> _DATA SECTION_:
_____

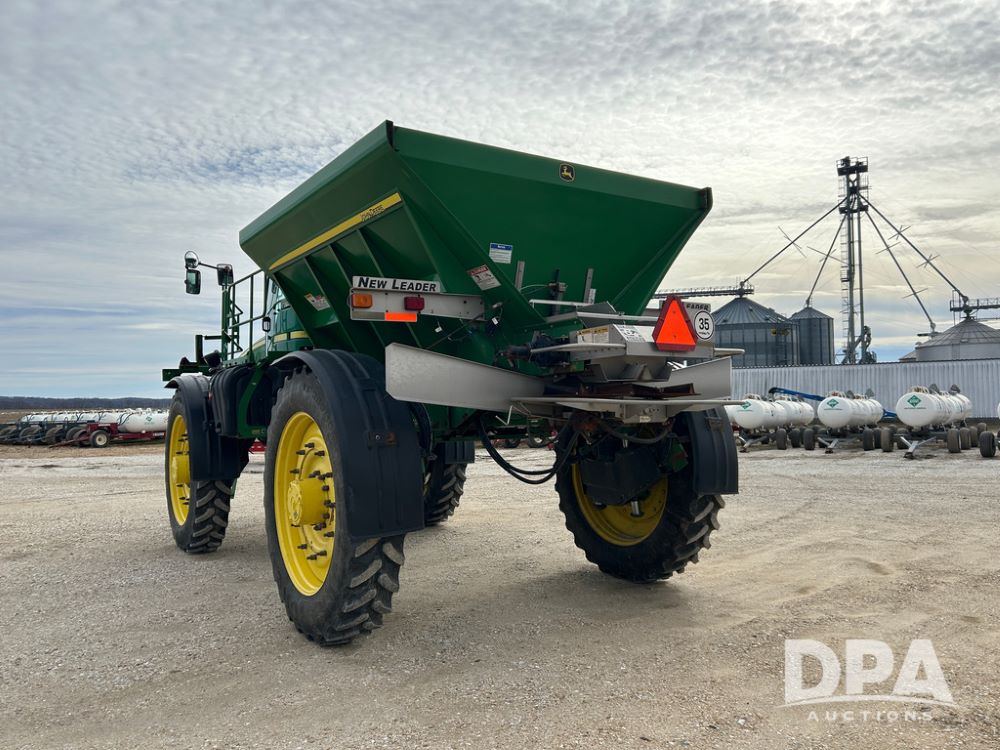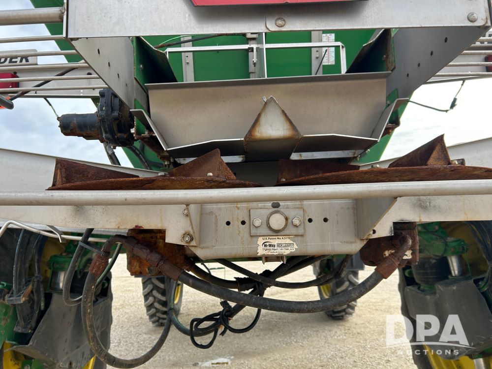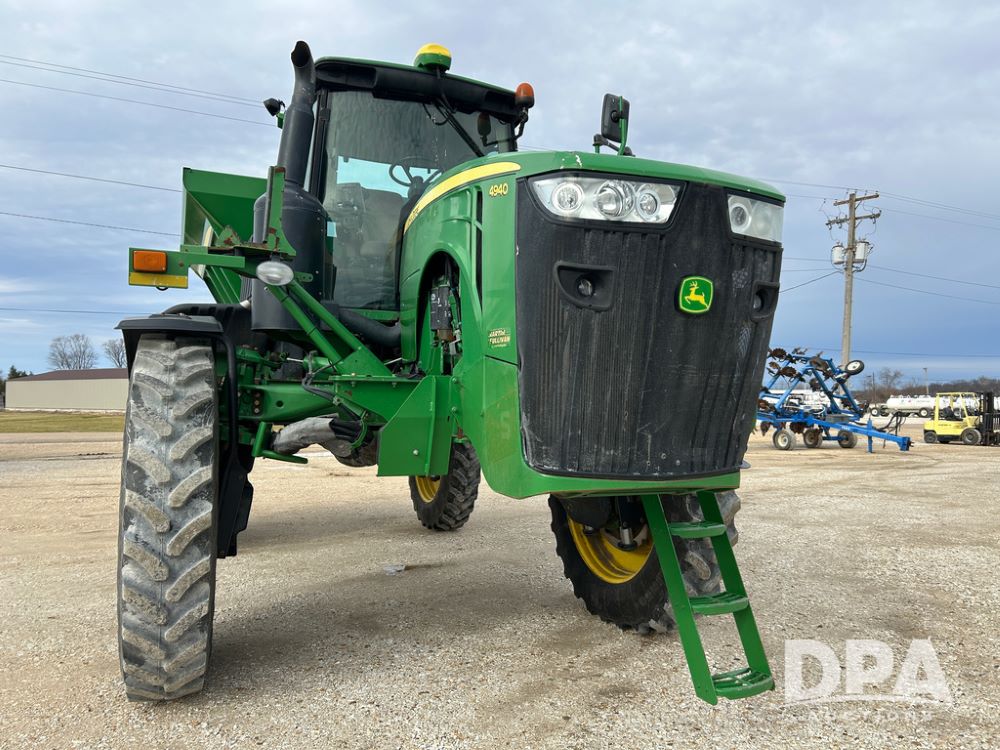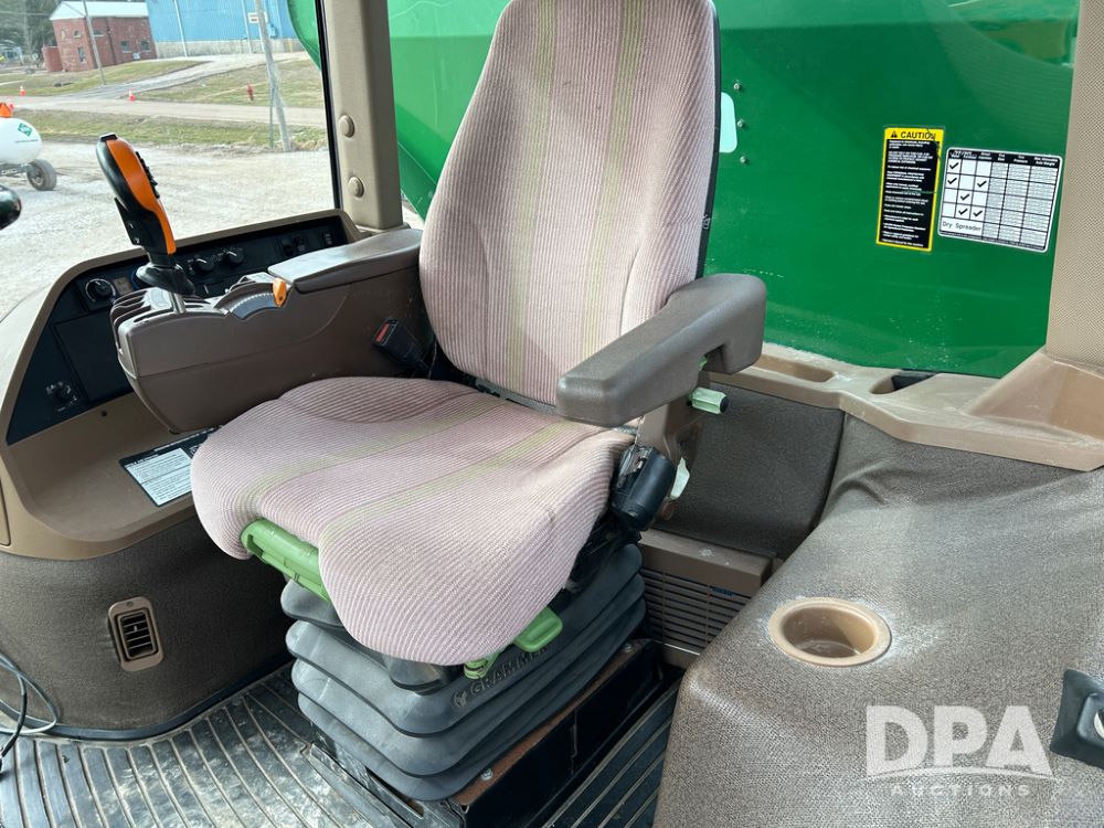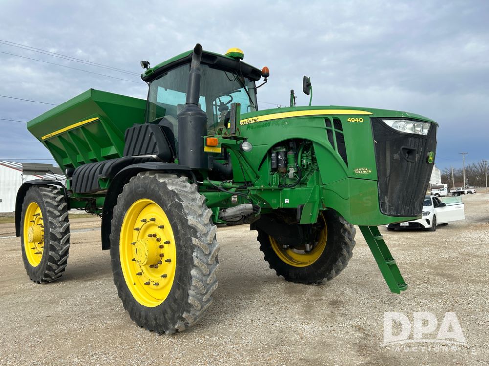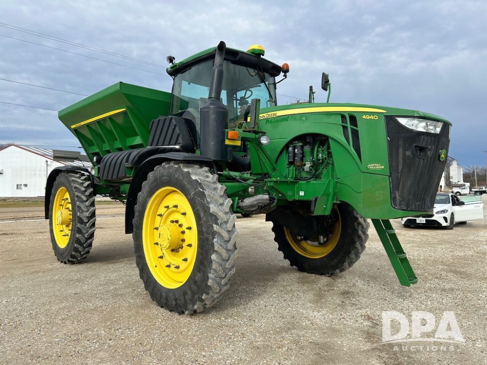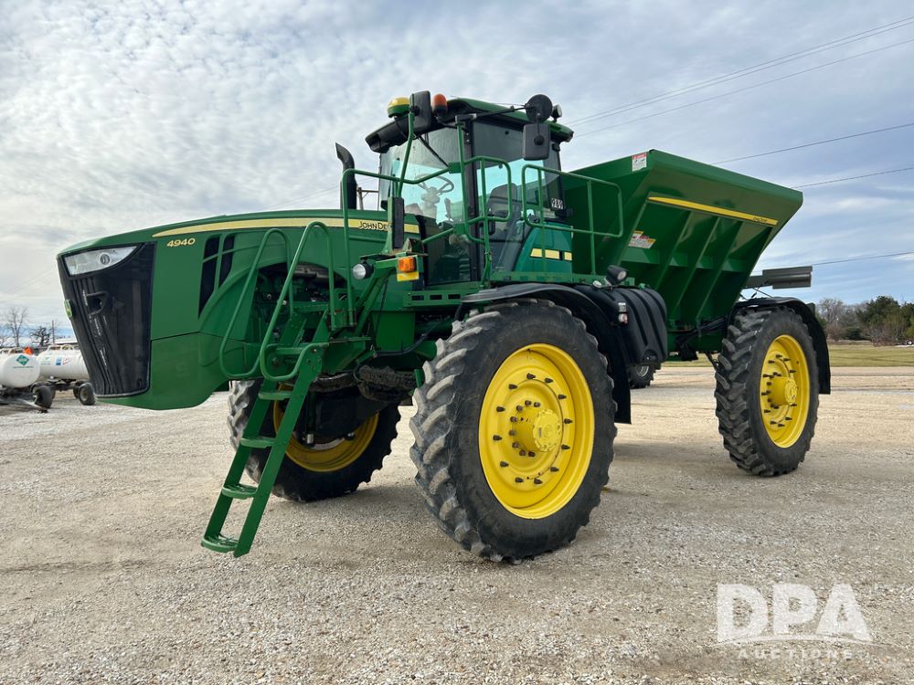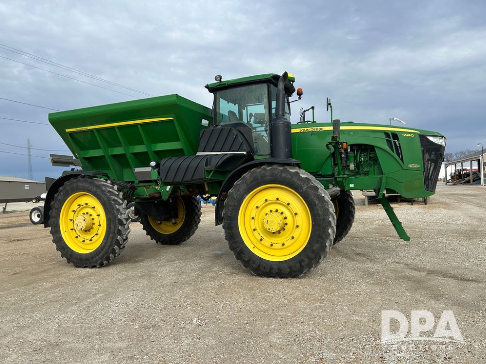 2014 John Deere 4940 Dry Machine (CP1437, Unit 989), John Deere diesel engine, hydrostatic transmission, air conditioning, heat, Am/Fm CD radio, beacon light, New Leader dry spreader box, twin spinner, all hydraulic, Firestone VF380/105R50 tires, fenders, John Deere StarFire 6000 globe, John Deer monitor, shows 4,662 hours.
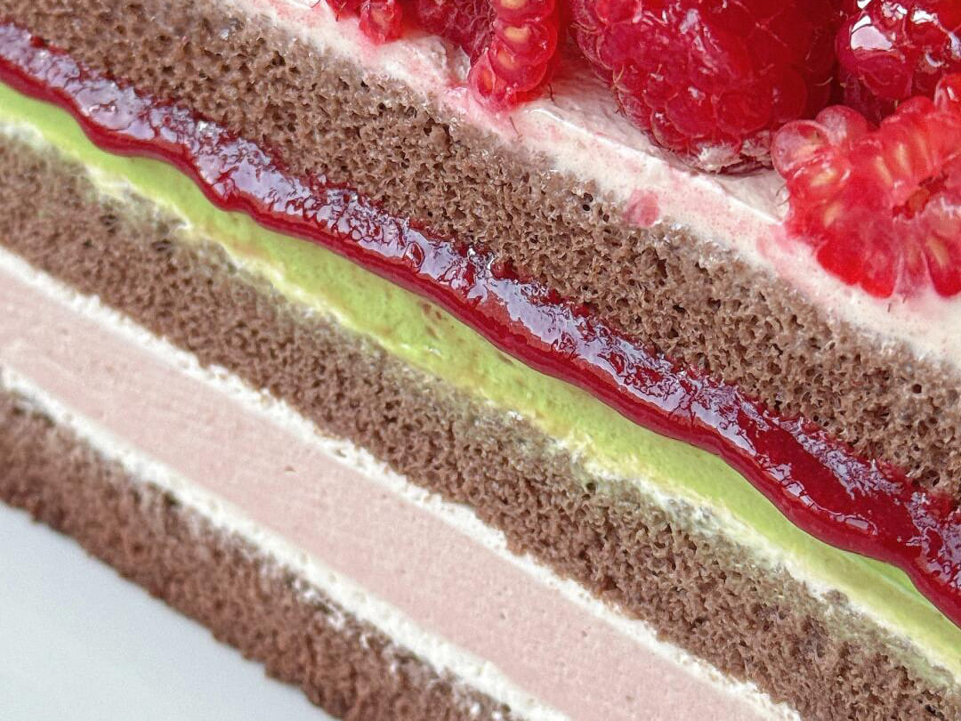 Fragrant raspberry confiture with creamy pistachio mousse — a sophisticated match of fruity sharpness and nutty depth.
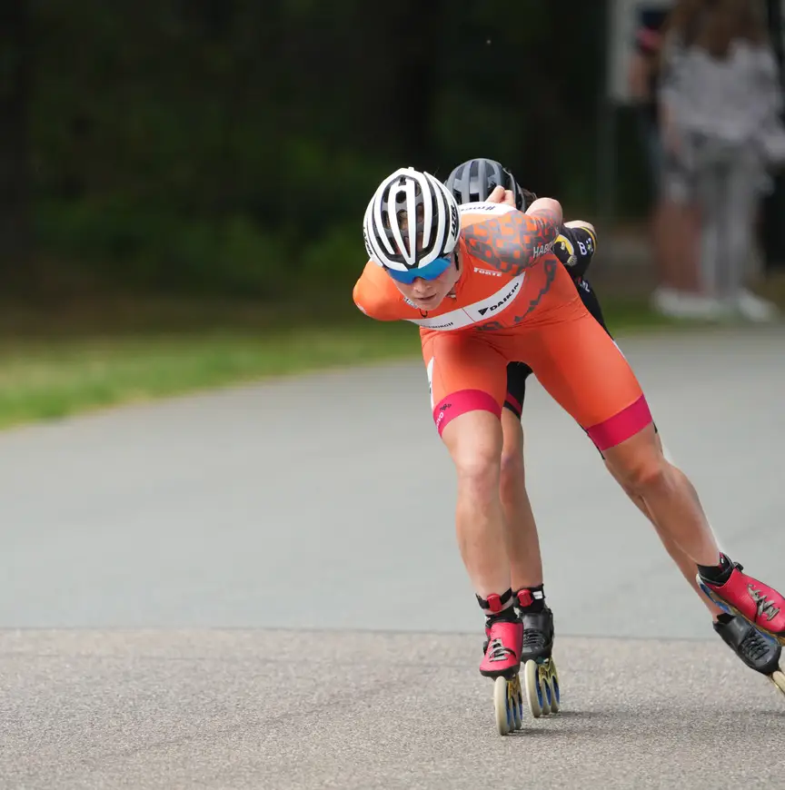 Nou, gewoon weer schaatsen, hahaha! We hebben deze zomer veel op de wegen rondom de Veenhoop geskeelerd, regelmatig ritten van zeventig, tachtig kilometer. Op een gegeven moment heb je die skeelers wel genoeg aan je voeten gehad. Alleen al vanwege de blaren…”

_____

Apart from the images, reproduce the listing exactly as it appears.

> _EXERCISE ANSWER_:
 2014 John Deere 4940 Dry Machine (CP1437, Unit 989), John Deere diesel engine, hydrostatic transmission, air conditioning, heat, Am/Fm CD radio, beacon light, New Leader dry spreader box, twin spinner, all hydraulic, Firestone VF380/105R50 tires, fenders, John Deere StarFire 6000 globe, John Deer monitor, shows 4,662 hours.
 Fragrant raspberry confiture with creamy pistachio mousse — a sophisticated match of fruity sharpness and nutty depth.
 Nou, gewoon weer schaatsen, hahaha! We hebben deze zomer veel op de wegen rondom de Veenhoop geskeelerd, regelmatig ritten van zeventig, tachtig kilometer. Op een gegeven moment heb je die skeelers wel genoeg aan je voeten gehad. Alleen al vanwege de blaren…”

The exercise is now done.